Com a Jack carregadíssima subir a Serra de Itatiaia entre Ouro Branco e Ouro Preto foi um belo teste

Já nesses primeiros dias da expedição, percebi o quanto o povo mineiro é generoso. Em alguns momentos eu batia na casa de alguém para pedir uma informação sobre o trajeto ou as peculiaridades da região e, além das respostas, ainda ganhava um almoço, um café e até hospedagem. De uma forma muito carinhosa, com o único interesse de me ajudar e assim fazer parte da expedição também. Quando eu respondia às perguntas sobre de onde eu vinha e para onde estava indo, a reação era sempre a mesma: “tá animado”. Ao perguntar sobre algum lugar, estrada ou caminho, eu também ouvia sempre a mesma resposta – “é logo ali”, acompanhada de um movimento do queixo na direção do lugar. Logo entendi que esse “é logo ali” era algo que eu poderia encontrar dali a 5, 10, 30 ou 50 minutos, à esquerda ou à direita... Mas no final sempre dava certo!

Em uma semana de viagem, eu já havia passado por Ouro Branco, Ouro Preto, Mariana, Camargos, Bento Rodrigues, Catas Altas, Santa Bárbara, Bom Jesus do Amparo e Ipoema - cidade que tem o Tropeirismo como símbolo. Em Ipoema fiquei hospedado na Pousada Tropeiro Real, do meu amigo fotógrafo Roneijober, e o que era para ser apenas um pernoite virou uma hospedagem de quatro dias, devido às fortes chuvas que assolavam a região, transbordando os rios, derrubando pontes e barreiras e impedindo, assim, o progresso da expedição. No quarto dia de espera, não aguentei mais e decidi que, com ou sem chuva, a viagem iria continuar. Enfrentando lama, muita lama e mais um pouco de lama, segui rumo a Morro do Pilar, onde passaria a noite de Natal.

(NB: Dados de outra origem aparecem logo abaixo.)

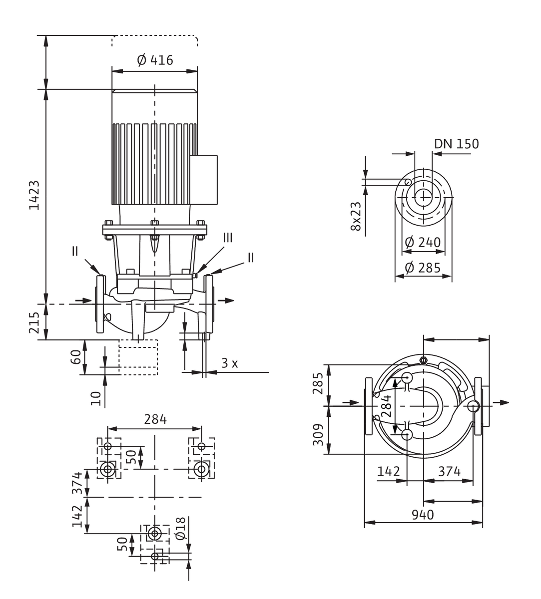 - Nom. diameter aansluiting inlaatzijde: DN 150

Muita lama mesmo... E uma barreira que caiu na estrada impedindo a nossa travessia...

Cheguei em Morro do Pilar no dia 24, véspera de Natal. Depois de aproximadamente 10 horas pedalando embaixo de uma chuva torrencial, finalmente encontrei uma pensão que aceitou me receber naquelas condições. Depois de um banho quente, fui para o bar de seu Malaca, junto com o proprietário da pousada, o Tião, e dois outros hóspedes – trabalhadores que estavam na região para consertar os estragos causados pelas chuvas nas estradas. Nossa ceia de Natal intercalou goles de cachaça, torresmo e muita prosa boa...

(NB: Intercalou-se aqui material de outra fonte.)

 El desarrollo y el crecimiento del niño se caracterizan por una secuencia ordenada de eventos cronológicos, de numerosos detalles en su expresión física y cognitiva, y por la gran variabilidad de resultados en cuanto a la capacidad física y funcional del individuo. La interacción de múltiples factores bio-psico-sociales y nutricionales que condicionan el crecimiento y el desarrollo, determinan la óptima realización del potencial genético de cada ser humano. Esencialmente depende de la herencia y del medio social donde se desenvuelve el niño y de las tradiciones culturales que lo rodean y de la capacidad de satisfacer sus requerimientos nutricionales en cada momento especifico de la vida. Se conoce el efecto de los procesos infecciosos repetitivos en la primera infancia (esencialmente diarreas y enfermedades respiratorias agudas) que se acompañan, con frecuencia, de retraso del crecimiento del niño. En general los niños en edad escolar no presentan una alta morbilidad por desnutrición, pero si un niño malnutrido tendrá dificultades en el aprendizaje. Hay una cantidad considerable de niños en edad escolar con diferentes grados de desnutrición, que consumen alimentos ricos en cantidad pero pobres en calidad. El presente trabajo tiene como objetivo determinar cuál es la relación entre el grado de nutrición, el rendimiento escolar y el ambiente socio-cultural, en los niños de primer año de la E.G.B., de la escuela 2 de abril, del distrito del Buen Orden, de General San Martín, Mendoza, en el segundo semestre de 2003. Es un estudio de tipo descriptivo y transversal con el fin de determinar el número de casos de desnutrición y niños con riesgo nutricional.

Dia de Natal é dia de pedal. Entre subidas e descidas na Serra do Espinhaço na região de Minas Gerais foi impossível não me incomodar com a grande exploração de minério de ferro. Diversas mineradoras nacionais e internacionais atuam na região. Retiram do solo mineiro toda a riqueza e levam para fora, deixando apenas a destruição ambiental, já que nos municípios onde há mineração as condições de vida da população não são boas: falta escola, falta hospital e tudo mais... Fica a pergunta: qual a contrapartida oferecida pelas mineradoras para esses municípios?

A Expedição Serra do Espinhaço, a Cordilheira Brasileira, de Bicicleta chegou então na comunidade do Tabuleiro, distrito de Conceição de Mato Dentro, um dos lugares mais memoráveis da viagem. A vista da Cachoeira do Tabuleiro, no Parque Estadual de mesmo nome, é de tirar o fôlego!


Cachoeira do Tabuleiro, mais um espetáculo do gigante Serra do Espinhaço

A primeira etapa da expedição já tinha sido vencida. O Caminho dos Diamantes da Estrada Real foi um ótimo treino: meu condicionamento físico já estava bem melhor. Dali para frente, eu sairia da rota turística para me lançar rumo ao sertão, com a sensação de que, agora sim, a expedição começaria de verdade.

Um pouco mais ao norte de Diamantina, no Parque Estadual do Rio Preto, um exemplo de unidade de conservação aliada ao ecoturismo, conheci Tonhão, o gerente do parque, um grande ser humano.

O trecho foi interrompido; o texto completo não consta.